AWS X-Ray is one such backend platform that helps developers analyze and debug distributed applications, including those built with a microservices architecture. AWS X-Ray provides a way to view and monitor how requests are made through an application, collecting data as traces and aggregating them to show a map of the application’s underlying components.

By default, OpenTelemetry supports OpenTelemetry Protocol (OTLP), which specifies the encoding, transportation, and delivery of telemetry data. However, AWS X-Ray has its own data format that must be followed to export traces successfully. AWS X-Ray support already exists in OpenTelemetry SDKs for Go, JavaScript, Java, .Net, and Python.

Many production applications, however, continue to use PHP. Additionally, many OTEL users have been requesting a GA release of the PHP library, and AWS customers have been pushing for the support of AWS services within the PHP library. The motivation behind the addition of AWS X-Ray to the PHP SDK was to fulfill these exact requests. Adding AWS X-Ray would provide direct access to AWS user to test and instrument their applications using the PHP library.

My project enhanced the OpenTelemetry PHP SDK by adding support for AWS X-Ray. It also added instrumentation detection for Amazon Elastic Container Service (Amazon ECSS), Amazon Elastic Compute Cloud (Amazon EC2), Amazon Elastic Kubernetes Service (Amazon EKS), and AWS Lambda. Adding this functionality involved much work within the core code of the OTEL PHP library to fix and improve items necessary to support AWS X-Ray. I also built two sample applications to demonstrate how to use these components and visualize traces on AWS X-Ray.

Project overview

When a developer’s application is instrumented using the AWS Distro for OpenTelemetry (ADOT), the OpenTelemetry library will send the trace data collected from the various microservices to AWS X-Ray, where it will be displayed to users to be analyzed. Figure 1 shows a high-level view of how an application is instrumented and traces are sent down the pipeline to AWS X-Ray.

a high-level view of how an application is instrumented and traces are sent down the pipeline to AWS X-Ray

Figure 1: A high-level view of pipeline.

Distributed tracing forms the foundation of this project. Distributed tracing is the tracking of a single request as it propagates through multi-service architectures, such as microservices and serverless applications. The activity of these requests are traces. Each trace is made up of spans, where a span tracks the work being done by individual services. A span provides request, error, and duration metrics that can be used to debug availability and performance issues. Thus, traces are simply a tree of spans, delineating the flow of a request.
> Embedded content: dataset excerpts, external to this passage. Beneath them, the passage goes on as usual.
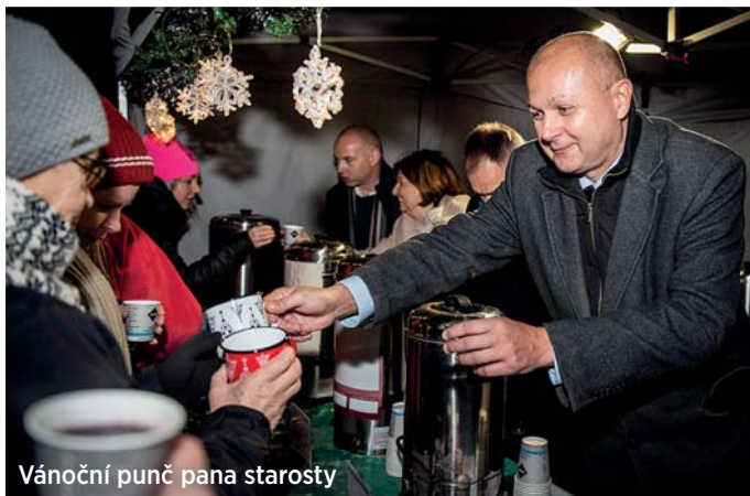
Vánoční punč pana starosty

Oblíbenou tradicí se stal Vánoční punč pana starosty, který ho v alko i nealko formě spolu s radními naléval zdarma zájemcům do kelímků i smaltovaných hrnků Jihu s PF 2020. Obvod také na místě daroval dětem CD s Čertovskými pohádkami.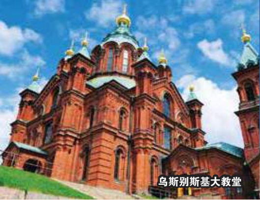
乌斯别斯基大教堂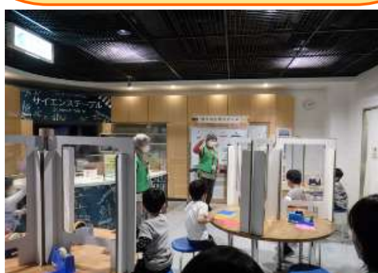
わくわくサイエンスの活動風景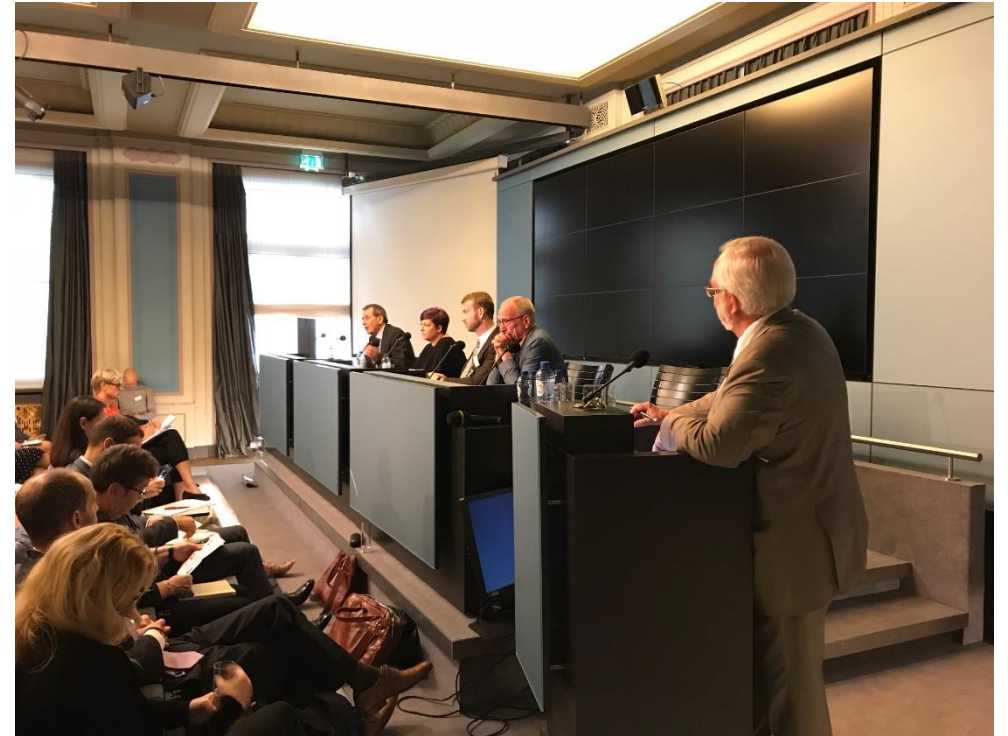
Svereg-konferensen juni 2018

The steps that occur when you make a request are shown in Figure 2. The request causes a chain reaction of microservices that end up fulfilling the original request. A microservice, for example, could be a call to payment validation from a shopping website.

The steps that occur when a user makes a request: arrows from user out to Service 1 and Service 3. Arrow from service 1 goes to service 2, and arrow from service 3 goes to Database 2 and Service 4. Arrow from service 2 goes to database 1 on the far right.

Figure 2: What happens when you make a request.

To facilitate the delivery of traces from OTEL to AWS X-Ray, two main components are necessary: the AWS X-Ray propagator and AWS X-Ray ID generator. Additionally, to support resource population, four detectors were created: ECS detector, EC2 detector, EKS detector, and Lambda detector.

AWS X-Ray ID generator

The first component I created was the AWS X-Ray ID generator. An ID generator in the context of traces is a random value generator for the ID of a trace (that is, the trace ID). The trace ID is the identifying value given to a root span (the first span created in a request) that is unique for that entire trace tree. Therefore, all parents and children under this root span will have the same trace ID.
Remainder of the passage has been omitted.